Splitting a big file into smaller ones basing on a line

I have a pretty big file (more than 20GB) and I'd like to split it into smaller ones, like multiple files of 2GB.

One thing is I have to split before a specific line:

I'm using Python, but if there another solution in shell for example, I'm up for it.

This is how the big file looks like:

bigfile.txt
(20GB)

Recno:: 0
some data...

Recno:: 1
some data...

Recno:: 2
some data...

Recno:: 3
some data...

Recno:: 4
some data...

Recno:: 5
some data...

Recno:: x
some more data...


This is what I want:

file1.txt
(2 GB +/-)

Recno::0
some data...

Recno:: 1
some data...


file2.txt
(2GB +/-)

Recno:: 2
some data...

Recno:: 4
some data...

Recno:: 5
some data...


And so on, and so on...

Thanks !

Answer

You could do something like this:

import sys

try:
    _, size, file = sys.argv
    size = int(size)
except ValueError:
    sys.exit('Usage: splitter.py <size in bytes> <filename to split>')

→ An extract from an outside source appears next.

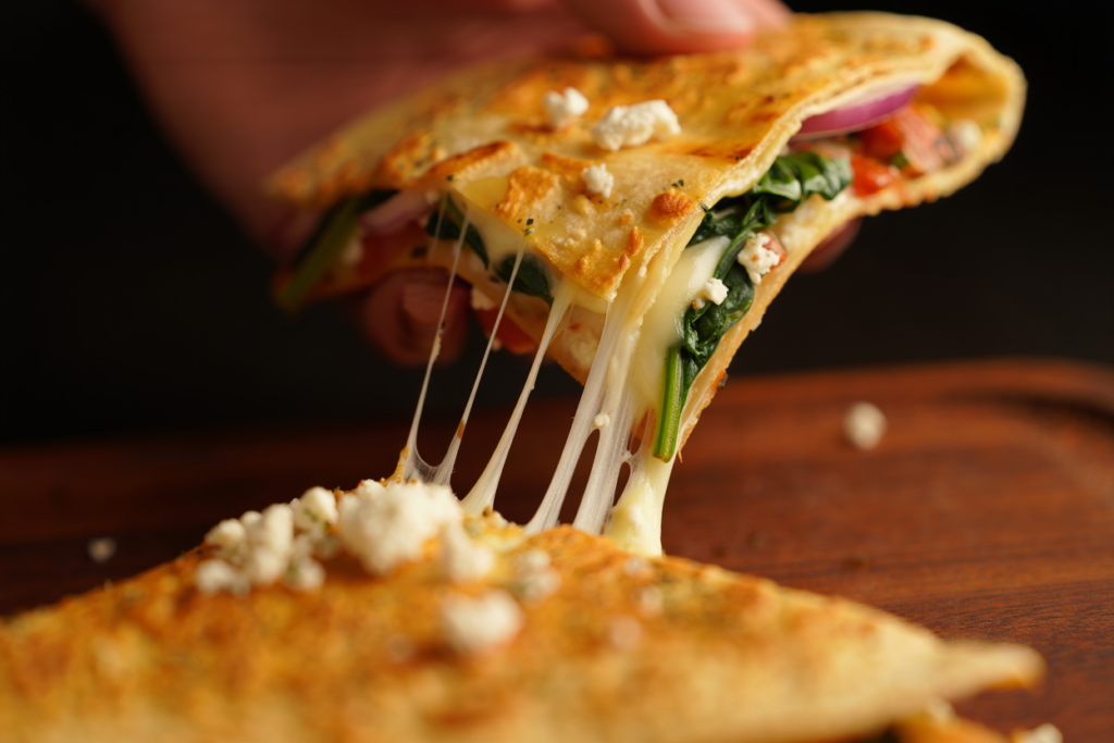 Mediterranean quesadillas with spinach, feta, mozzarella, and red onion are simple, fresh, and full of flavor. They feel light but still satisfying. You can serve them for lunch, dinner, or even slice them smaller for party appetizers.
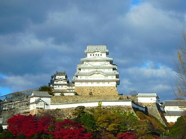 真っ赤な紅葉と白いお城のコントラストが素敵でした。

with open(file) as infile:
    count = 0
    current_size = 0
    # you could do something more
    # fancy with the name like use
    # os.path.splitext
    outfile = open(file+'_0')
    for line in infile:
        if current_size > size and line.startswith('Recno'):
            outfile.close()
            count += 1
            current_size = 0
            outfile = open(file+'_{}'.format(count))
        current_size += len(line)
        outfile.write(line)
    outfile.close()